MS Teams gives you the capability to add third-party apps through apps, bots, and connectors. This is where Teams thrives, its one app combines your contacts, conversations, phone calls, access to files, and 3rd-party applications, in a way that “just works”. Just saying, Dropbox absolutely is better than One Drive. Google Apps is better at collaboration than Microsoft’s Office apps. Asana is better than Planner. And, to be very clear, Slack is massively better than Teams at the chat. Teams by virtue of doing everything, even if mediocrely, the app is providing a whole lot that is greater than the sum of its parts, particularly for the non-tech workers that are in fact most of the market. This is a microservices environment at its best.
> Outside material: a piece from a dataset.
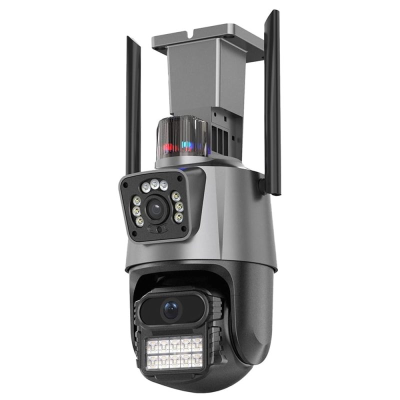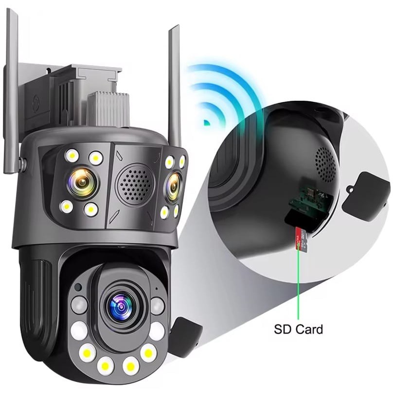 دوربین مداربسته مینی اسپیددام سیمکارتی Icsee سولار مدل سه لنز زوم 50x دید در شب رنگی 12 مگاپیکسل

Microservices do not mean the end of pain points, there are challenges
The grass is always greener on the other side. It’s not all hunky-dory with microservices. It comes with its own set of challenges
We ended up with so many different languages and frameworks that the application became hard to maintain. It would have been useful to put some project-wide standards in place, without overly restricting teams’ flexibility.
Lack of data integrity
Each microservice is responsible for its own data persistence. As a result, data consistency can be a challenge. Embrace eventual consistency where possible.
Deployment and testing
Writing a small service that relies on other dependent services requires a different approach than writing a traditional monolithic or layered application. Existing tools are not always designed to work with service dependencies. Refactoring across service boundaries can be difficult. It is also challenging to test service dependencies, especially when the application is evolving quickly
Why PMs should be concerned about Microservices vs Monolith debate?
The product manager is responsible for building a product that is scalable and reliable. As a PM you cannot build a scalable product if the core architecture is stopping you. I am not saying you need to be a technical expert by selecting a microservice environment or a monolith. But you definitely need to understand the core differences between the two so that you are able to make the right decisions for your product and company. These decisions will be made by developing trust between engineering, architecture, and product to come to the table and talk openly about scalability and reliability challenges. Having said that, the PM is not responsible for making these decisions, it’s the engineering or the architecture team’s job.
These are hard decisions and it is always better to table them early in the product journey. Ask the right questions at the right time can prevent delays and also helps be cost-effective. The reason big tech is able to complete the build and scale the products quickly is that they make these critical decisions fast and without organizational politics.
As a PM it’s important to educate ourselves on the technical aspects of product development as well.